In my opinion, AMD has done the wrong thing with it's 64-bit architecture. Because they introduced extra registers it makes all code longer, thus slower, and we have to switch mode to run 32-bit code. I could be wrong, but doesn't this make Hyper-Threading a lot harder or even impossible to implement? It looks like they dug a hole for themselves...

But I won't question the usefulness of 64-bit addressing. The way I see it, this could be done by making the MMX registers available for address referencing. So no extra registers are needed, and no mode switching, just a plain extension to 32-bit x86. Only when an MMX register is used in a reference they need to add a prefix byte for indicating wether the base or index registers is an MMX register.

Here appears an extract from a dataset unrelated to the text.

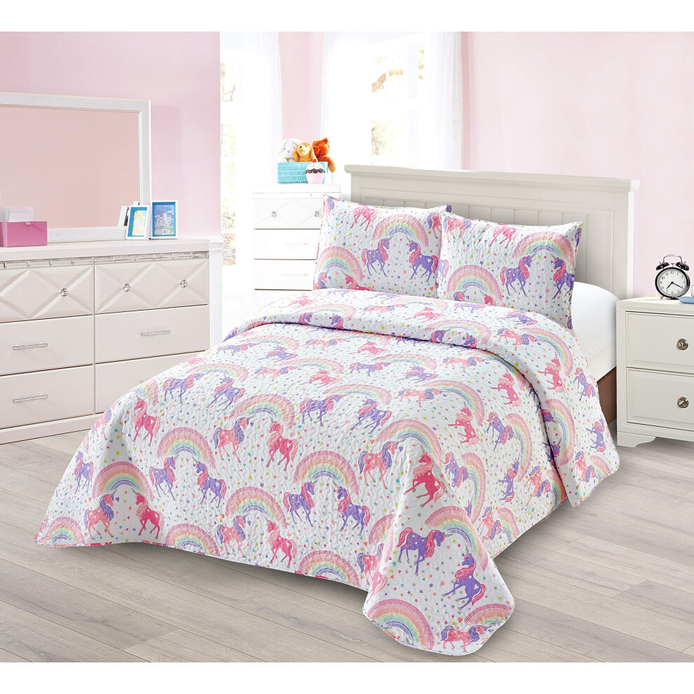 3pc Full/Queen Quilt Bedspread Set Kids/Teens Girls Unicorn Rainbow Pink Purple White New

If I'm totally wrong here and my idea is even worse than AMD's, please enlighten me...
33 answers Last reply
More about tomshardware
  1. AMd chips don't need hyperthreading. They need speed increases. they need to take their POS 1.4ghz and make it 2.4ghz and 3.4ghz. Otherwise AMD is done. Because by next year intel will have 4ghz cpu's and a 1.4ghz or a 2.0 ghz is not going to compete well against a 4ghz+ cpu's.

    "Bread makes me poop!" - Special Ed

    <A HREF="http://www.anandtech.com/mysystemrig.html?id=9933" target="_new"> My Rig </A>
  2. Plus Prescott I think sometime next year will go to 1066 FSB.
  3. The extra register array won't neccessarily increase code size that much. One more bit at most for register address location and only for x86-64 code. As for data sizes for 64-bit code, again, you can switch to 32-bit mode (which automatically happens when you run a 32-bit OS) and it's not a problem. It's a good evolutionary move, the same as Intel has done with every extension of x86.

    "We are Microsoft, resistance is futile." - Bill Gates, 2015.
  4. Every AA-64 instruction needs an extra REX prefix byte. The most significant nibble is always 4, to distinguish it from the other prefix bytes. The next bit indicates 32 or 64 bit operands. The last three bits are for reg, index and base field extension.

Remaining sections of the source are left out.